**ASSIGNMENT:** Take the lines below from the one with "オレンジ色のコーディロイにフ" through the one with "Continuando con nuestro" and print only them, exactly. Don't print the pictures.

**RECORDS SUPPLIED:**
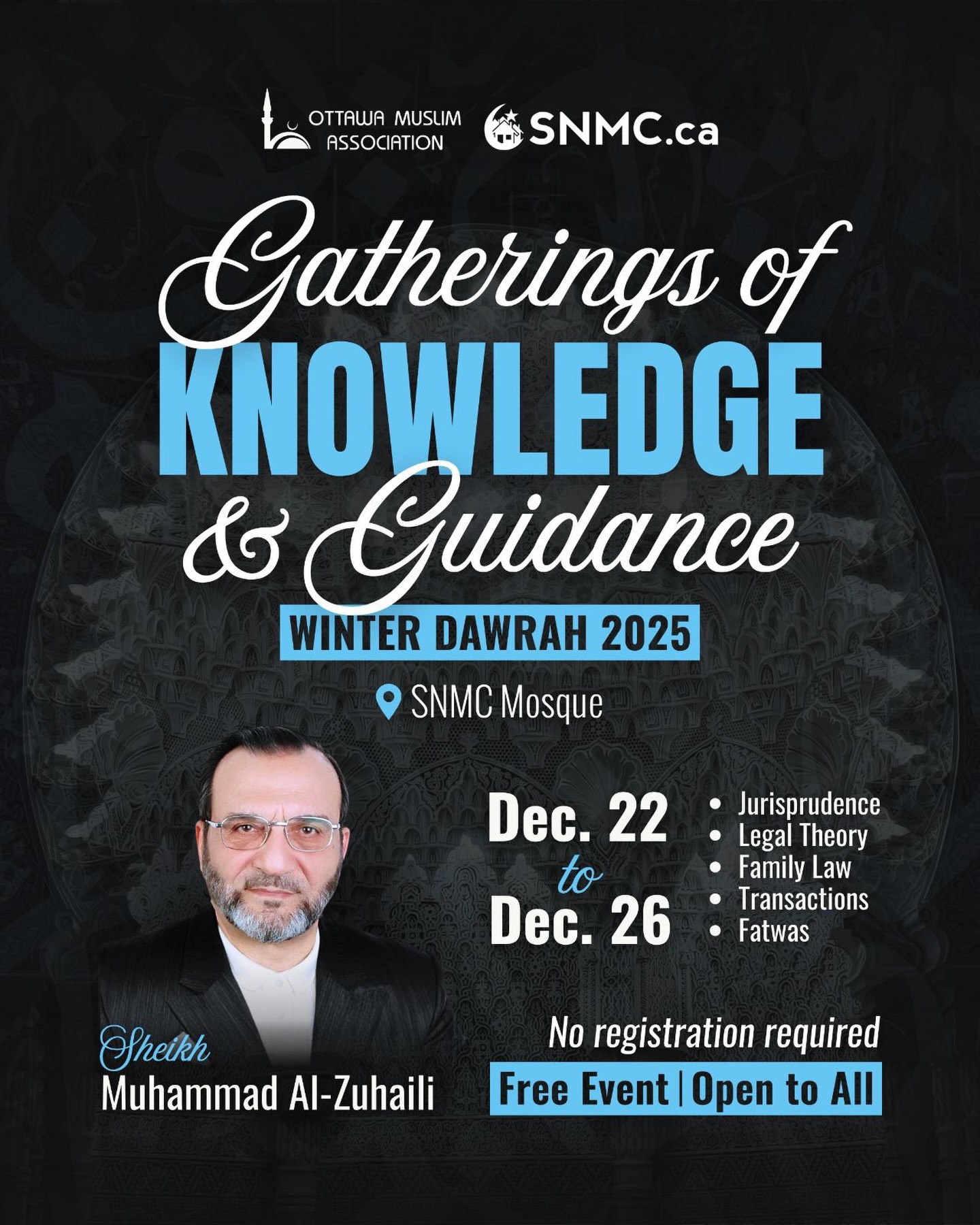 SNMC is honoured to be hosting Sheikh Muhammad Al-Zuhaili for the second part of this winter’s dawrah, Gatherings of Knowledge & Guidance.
* * *
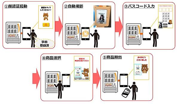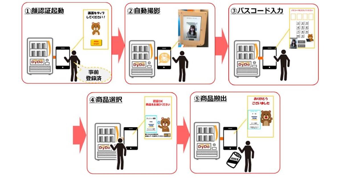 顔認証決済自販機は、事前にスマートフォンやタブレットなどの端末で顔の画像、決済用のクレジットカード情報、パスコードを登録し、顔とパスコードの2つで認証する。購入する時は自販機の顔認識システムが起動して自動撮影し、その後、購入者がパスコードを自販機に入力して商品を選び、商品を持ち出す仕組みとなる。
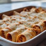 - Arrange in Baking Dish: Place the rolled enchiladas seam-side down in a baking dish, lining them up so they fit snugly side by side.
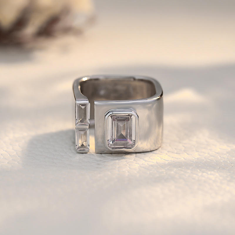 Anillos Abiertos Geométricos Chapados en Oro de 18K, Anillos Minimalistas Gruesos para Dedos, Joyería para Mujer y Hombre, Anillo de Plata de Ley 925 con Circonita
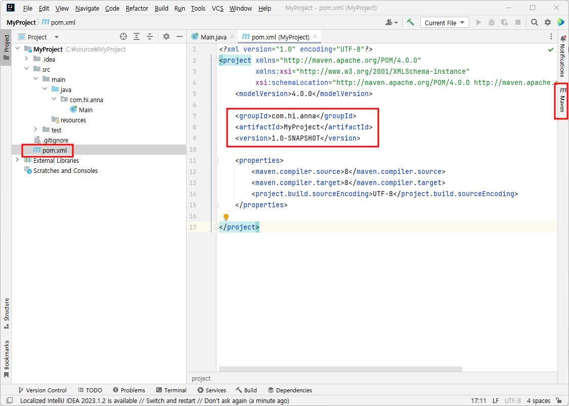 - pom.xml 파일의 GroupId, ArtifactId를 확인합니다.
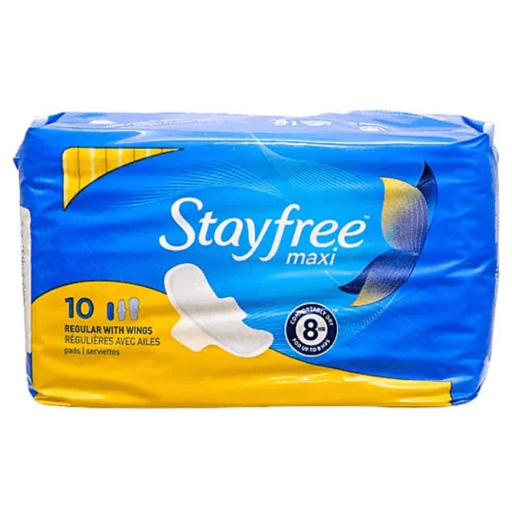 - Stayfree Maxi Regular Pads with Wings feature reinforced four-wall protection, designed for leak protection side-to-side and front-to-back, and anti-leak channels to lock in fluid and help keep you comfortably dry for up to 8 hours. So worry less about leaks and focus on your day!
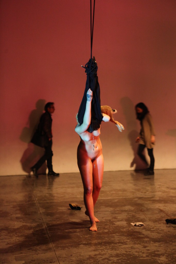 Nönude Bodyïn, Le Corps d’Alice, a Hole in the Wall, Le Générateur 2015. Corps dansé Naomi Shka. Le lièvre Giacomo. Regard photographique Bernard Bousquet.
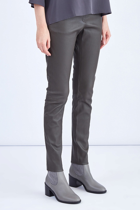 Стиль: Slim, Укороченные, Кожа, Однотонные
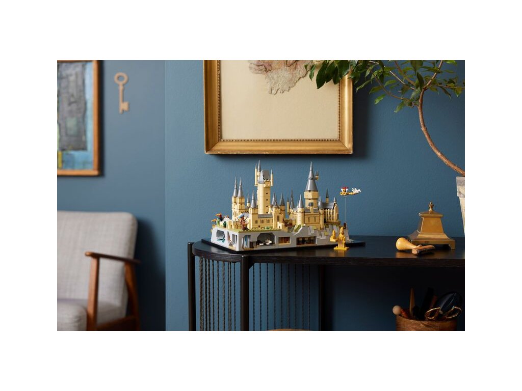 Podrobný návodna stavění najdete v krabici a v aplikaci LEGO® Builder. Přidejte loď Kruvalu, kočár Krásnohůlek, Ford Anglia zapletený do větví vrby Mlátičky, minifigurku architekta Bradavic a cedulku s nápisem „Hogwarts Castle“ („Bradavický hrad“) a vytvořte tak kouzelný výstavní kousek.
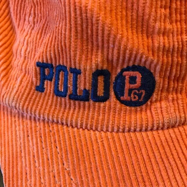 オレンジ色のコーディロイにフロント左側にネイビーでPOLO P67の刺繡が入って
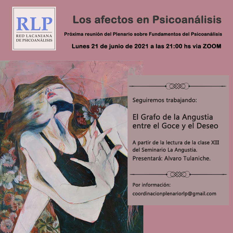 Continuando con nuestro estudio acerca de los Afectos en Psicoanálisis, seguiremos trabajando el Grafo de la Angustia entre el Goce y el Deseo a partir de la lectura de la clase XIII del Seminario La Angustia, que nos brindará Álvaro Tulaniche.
* * *
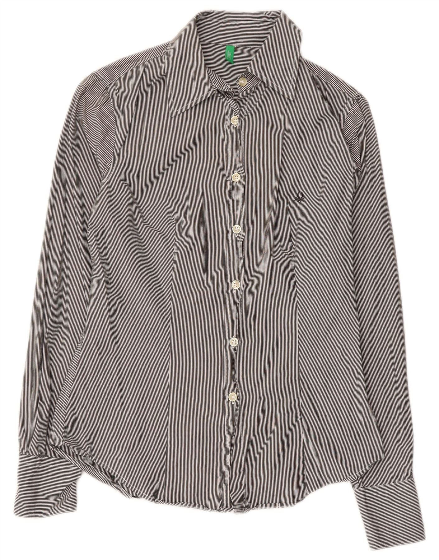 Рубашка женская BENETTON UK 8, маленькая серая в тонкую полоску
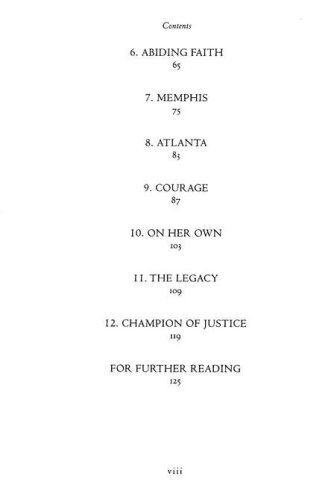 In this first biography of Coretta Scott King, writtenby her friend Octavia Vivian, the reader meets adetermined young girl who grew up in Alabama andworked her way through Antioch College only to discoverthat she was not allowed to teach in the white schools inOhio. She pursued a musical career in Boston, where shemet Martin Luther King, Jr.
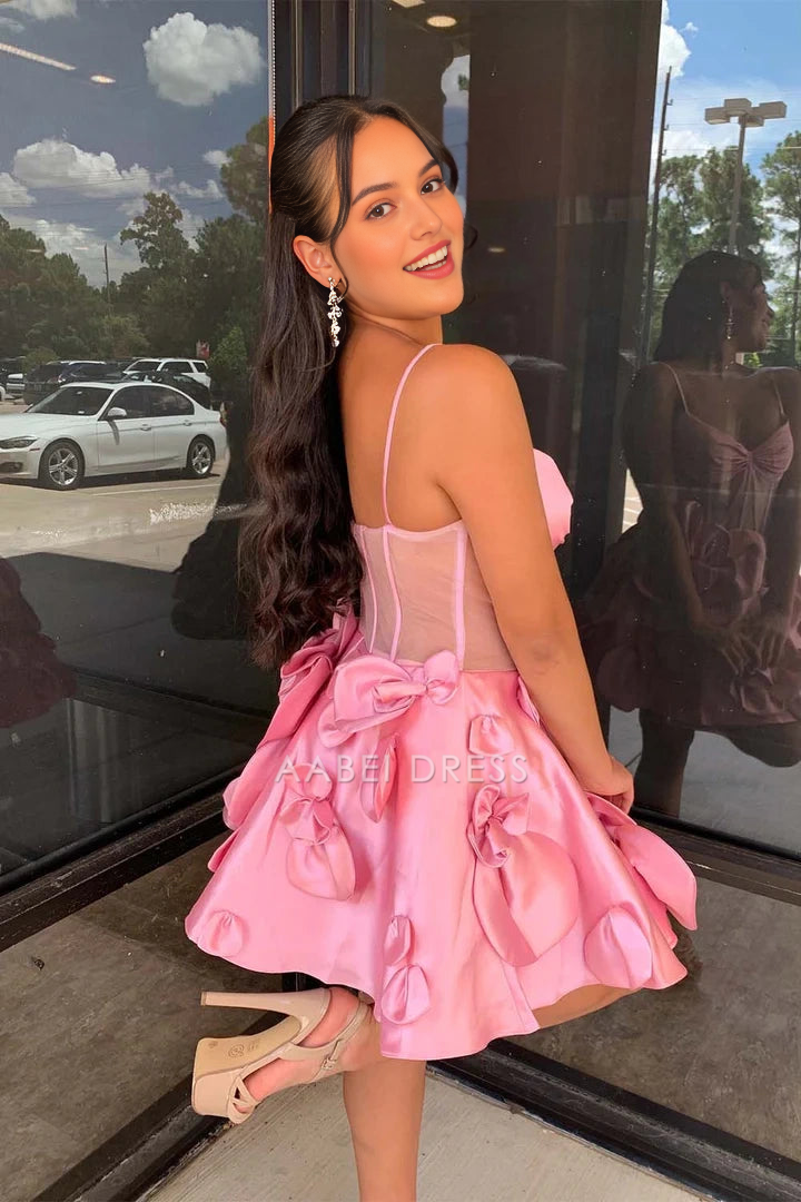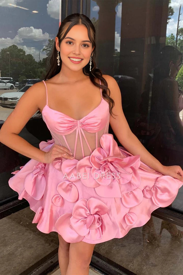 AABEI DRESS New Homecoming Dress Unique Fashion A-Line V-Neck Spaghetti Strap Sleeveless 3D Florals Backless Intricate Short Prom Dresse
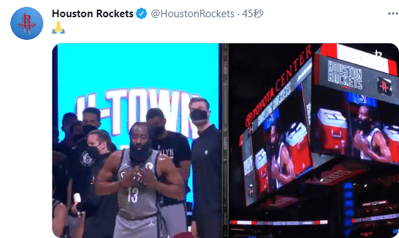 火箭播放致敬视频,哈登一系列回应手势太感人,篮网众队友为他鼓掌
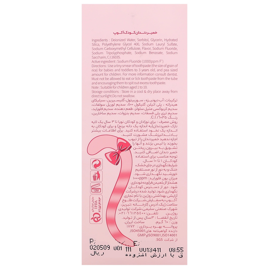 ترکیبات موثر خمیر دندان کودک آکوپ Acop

**THE ANSWER:**
 オレンジ色のコーディロイにフロント左側にネイビーでPOLO P67の刺繡が入って
 Continuando con nuestro estudio acerca de los Afectos en Psicoanálisis, seguiremos trabajando el Grafo de la Angustia entre el Goce y el Deseo a partir de la lectura de la clase XIII del Seminario La Angustia, que nos brindará Álvaro Tulaniche.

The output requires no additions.